Snow Falling on Cedars

by David Guterson

ISBN 0-679-76402-X

“She was of this place and she was not of this place, and though she might desire to be an American, it was clear, as her mother said, that she had the face of America’s enemy and would always have such a face.”

It is 1954, and Japanese-American World War II veteran Kabuo Miyamoto has been charged with the murder of fellow fisherman and veteran Carl Heine. His trial begins in the midst of a snow storm that has struck the town of Amity Harbour, on the island of San Piedro off the coast of Washington State. Reporting on the trial is Ishmael Chambers, who inherited the small local paper from his father when he returned from the war. Carl was a solo gill-netter fisherman, and his body was pulled from the ocean, caught in his own nets, after the boat was found drifting off the coast on a foggy September morning. In the grip of the snow storm and the trial, the islanders are forced to face old grudges and deep seated prejudices as the evidence against Kabuo mounts.

Ishmael’s coverage of the trial is complicated by the fact that the accused’s wife, Hatsue, was his first love before the war, and he has never gotten over losing her. Indeed, he still entertains shameful fantasies of winning her back, even as her husband’s life hangs in the balance. Ishmael lost his arm during the war, fighting in the Pacific Theater, and it has bitterly tainted his perception of the island’s Japanese-American residents, even as he clings obsessively to his feelings for Hatsue. However, this is not the only unfinished business being raised by the trial. Before the war, the Miyamoto family had entered into a clandestine arrangement with Carl Heine’s father to purchase seven acres of strawberry land, which would be placed in Kabuo’s name once he came of age, due to the fact that first generation Japanese immigrants could not own land. But they were interned before they could finish their payments, and when Carl Sr. died while his son was away at war, his wife took the opportunity to sell the entire farm.

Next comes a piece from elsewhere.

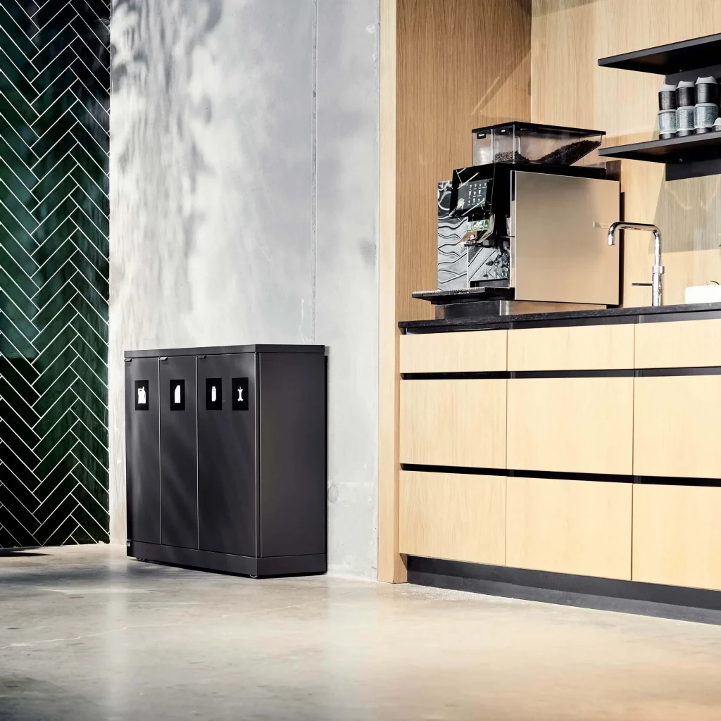 A waste system should fit into the office and into the common areas. You and your employees should walk right past and only stop when you need to dispose of your waste. You should not be in doubt about what goes in which bins. If you ask us, waste sorting is good style and a matter of course in everyday life.

Snow Falling on Cedars opens on Kabuo’s trial, though it takes some pages for David Guterson to reveal what he is charged with. Indeed, it is in general a novel that peels back in slow layers, as one witness after another takes the stand, and flashbacks are interleaved with the present moment. The pacing is slow and steady. The witnesses give their testimony when their time comes to take the stand, but through the limited omniscient narrator, we are also able to see the things they are thinking about, but not saying. Some are entirely insignificant to the plot—the coroner for example, thinks about how, during the autopsy, he noticed that the deceased’s penis was much larger than his—but other omissions are much more consequential. The coroner does not mention in his testimony that he told the sheriff that the blow to Carl Heine’s head reminded him of wounds he saw delivered by kendo-trained Japanese soldiers during the war, a comment that may have primed the sheriff to suspect Miyamoto.

What fills in the slower pacing of the novel is the ambience of the Pacific Northwest island setting, despite the fact that the story takes place in the midst of an uncharacteristic snow storm. San Piedro is a fictional island that would be part of the San Juans if it existed, but it draws inspiration from Guterson’s home, Bainbridge Island, in the Puget Sound just off Seattle. Guterson pays great attention to detail as he describes both salmon fishing and strawberry farming, the two main industries on the island. The beaches and cedar forests serve as the sites of Ishmael and Hatsue’s budding but forbidden romance. What begins as innocent child’s play on the beaches must take covert shelter among the ancient trees when they become adolescents. Though fewer scenes take place there, the Japanese internment camp at Manzanar, California, feels visceral and immediate. Manzanar is the more literal incarnation of the dark undercurrent that runs beneath the more romantic, pastoral portrayal of Amity Harbour.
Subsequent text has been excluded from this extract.